The transfer line was rebuilt to the intended design with more rigorous QA/QC controls to ensure a higher liner standard and refractory installation.
Failure of secondary reformer due to top dish head rupture
After more than 41 years of trouble-free service, a fire jet with an explosion occurred due to loss of containment from a secondary reformer top dish head at Fauji Fertilizers. A crack in the pipe base metal allowed the premature entry of air into the flammable process gas environment ahead of the burner, where it ignited, causing failure of the refractory, exposing the metal surface to high temperatures of burning gas, resulting in a dish-head rupture. The dish head was restored by welding an insert patch, three-dimensionally formed from a carbon steel plate, using in-house resources and plant production was resumed in just 15 days.
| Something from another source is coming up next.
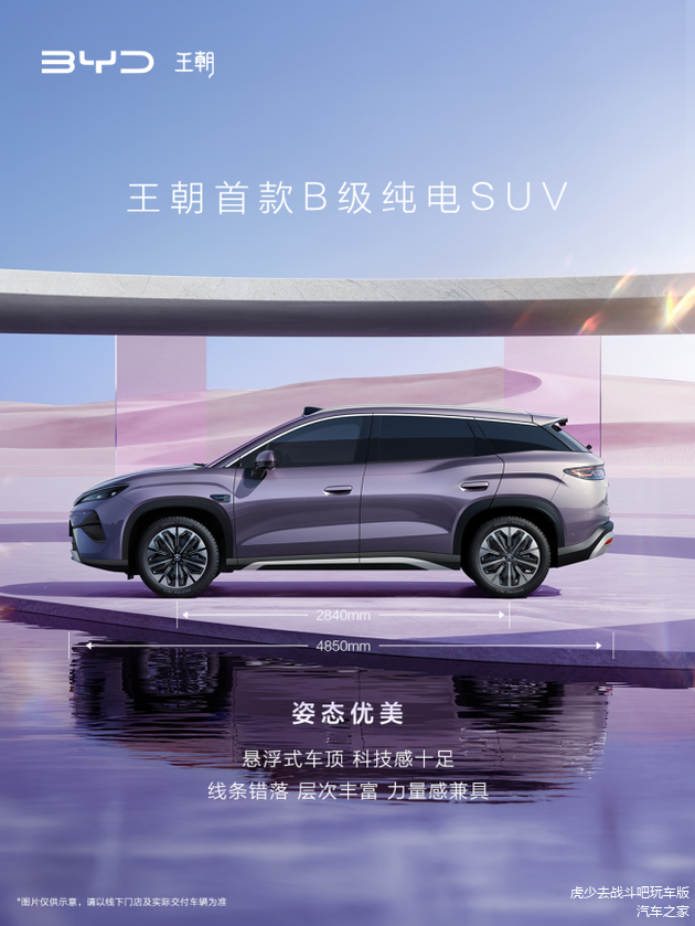 从工信部公示信息可知,新车车身尺寸达4850/1910/1670mm,轴距2840mm。值得一提的是,宋Ultra EV的二排腿部空间达到了986毫米,超过了奔驰GLE、宝马X5等中大型豪华SUV的后排空间。作为王朝网纯电出行的标杆之作,宋Ultra EV精准锁定B级纯电 SUV 市场。

Secondary reformers’ failures are rare in the industry, and the risks associated with such failures are normally very high. The explosion at FFC resulted from a weld crack in the air inlet pipe of the burner. This crack formed a passage that let air into the reformer, ahead of the burner, where flammable process gas ignited, and this failed the refractory, thus exposing the metal surface to very high temperatures above the design values and eventually resulting in loss of containment. The failure’s root cause was weakness in the design, which the designer improved in later years at new plants. However, this improvement was not carried out on this ~41-year-old equipment due to a lack of communication and documentation sharing. Learning from the incident, a robust action plan was developed to address vulnerable areas and mitigate risks associated with ageing plants, including improved liaison with the process licensor and document sharing, RBI and PSM systems implementation and establishment of an Asset Reliability and Integrity department.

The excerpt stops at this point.